DESCRIPTION OF THE TASK: Extract the full listing verbatim and drop any pictures from your copy.

INFORMATION PROVIDED:

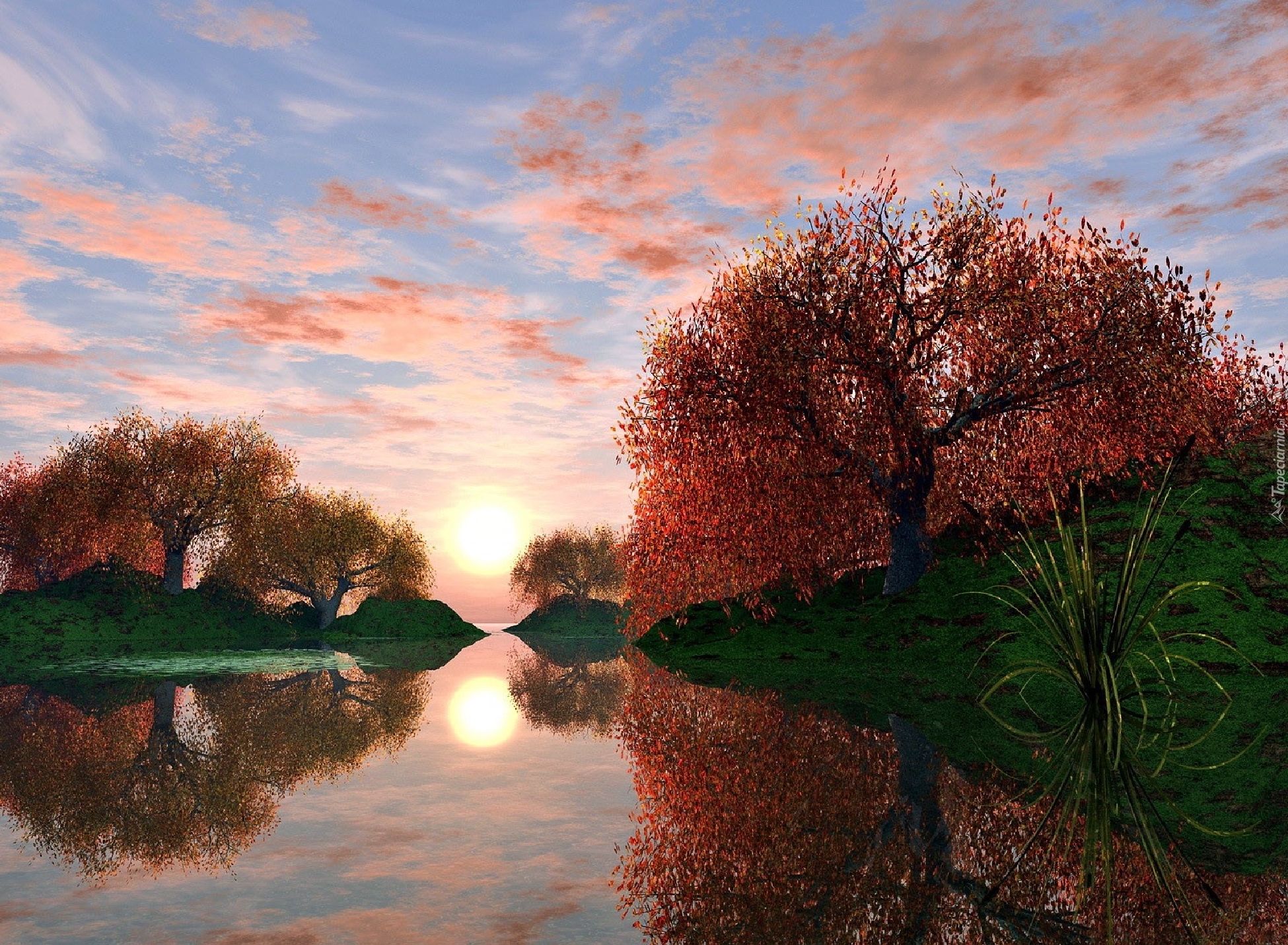 Edytor tapety: Jezioro, Zachód, Słońca, Drzewa
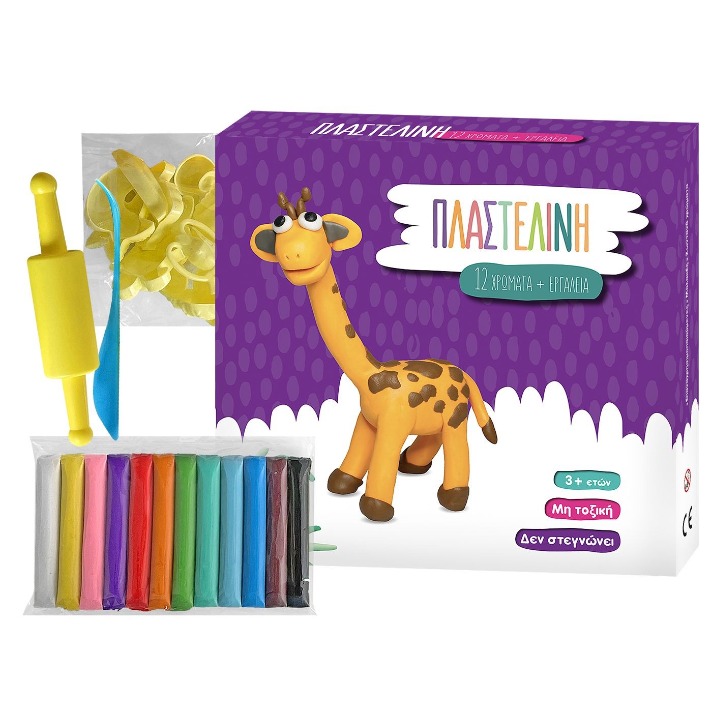 Πλαστελίνη Κουτί με Καλούπια & Εργαλεία σετ=12 Χρώματα 180gr
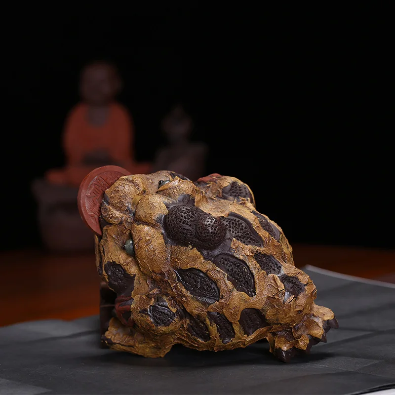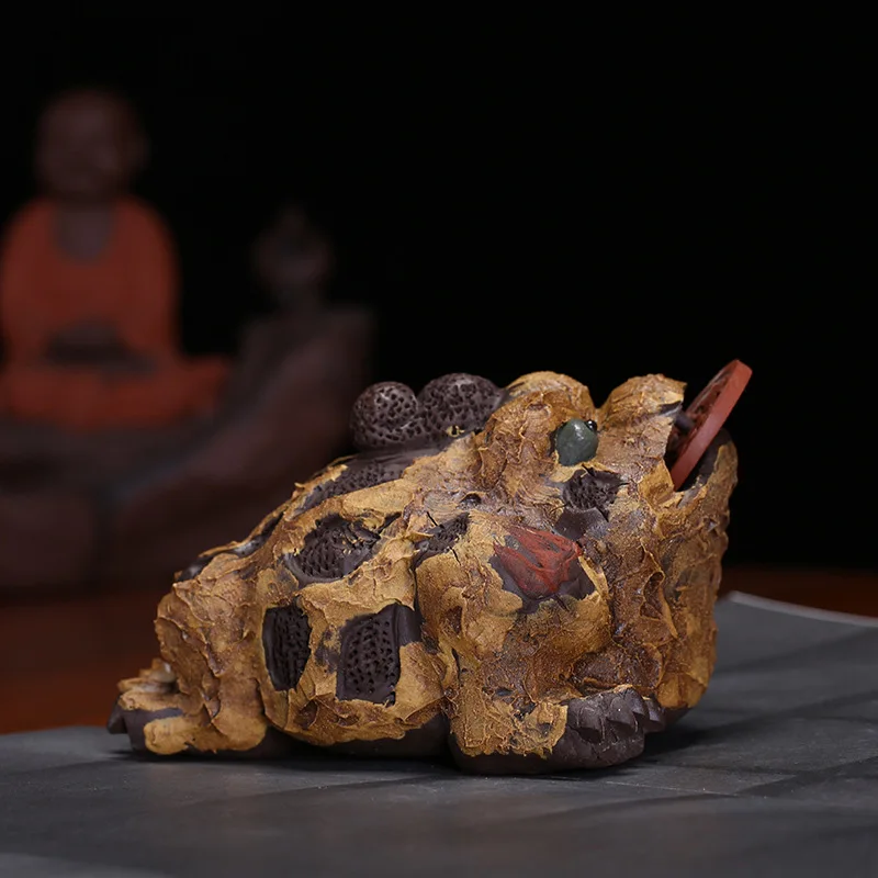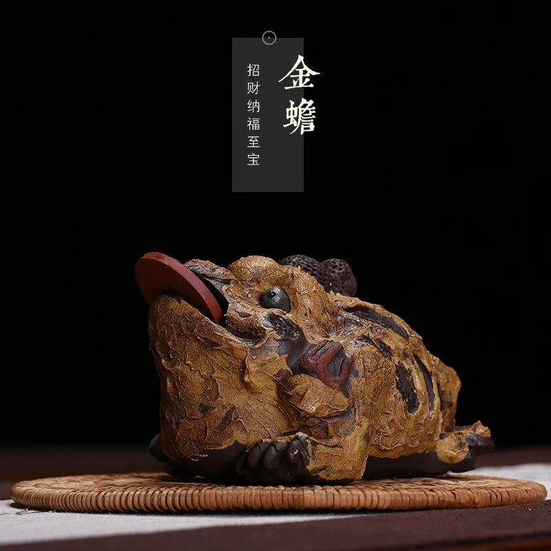 ORIGINAL Clay Tea Ornaments Bark Lucky Golden Toad Feng Shui Decoration Amulet Sculpture Batch Fun Large Siz

EXERCISE SOLUTION:
 Edytor tapety: Jezioro, Zachód, Słońca, Drzewa
 Πλαστελίνη Κουτί με Καλούπια & Εργαλεία σετ=12 Χρώματα 180gr
 ORIGINAL Clay Tea Ornaments Bark Lucky Golden Toad Feng Shui Decoration Amulet Sculpture Batch Fun Large Siz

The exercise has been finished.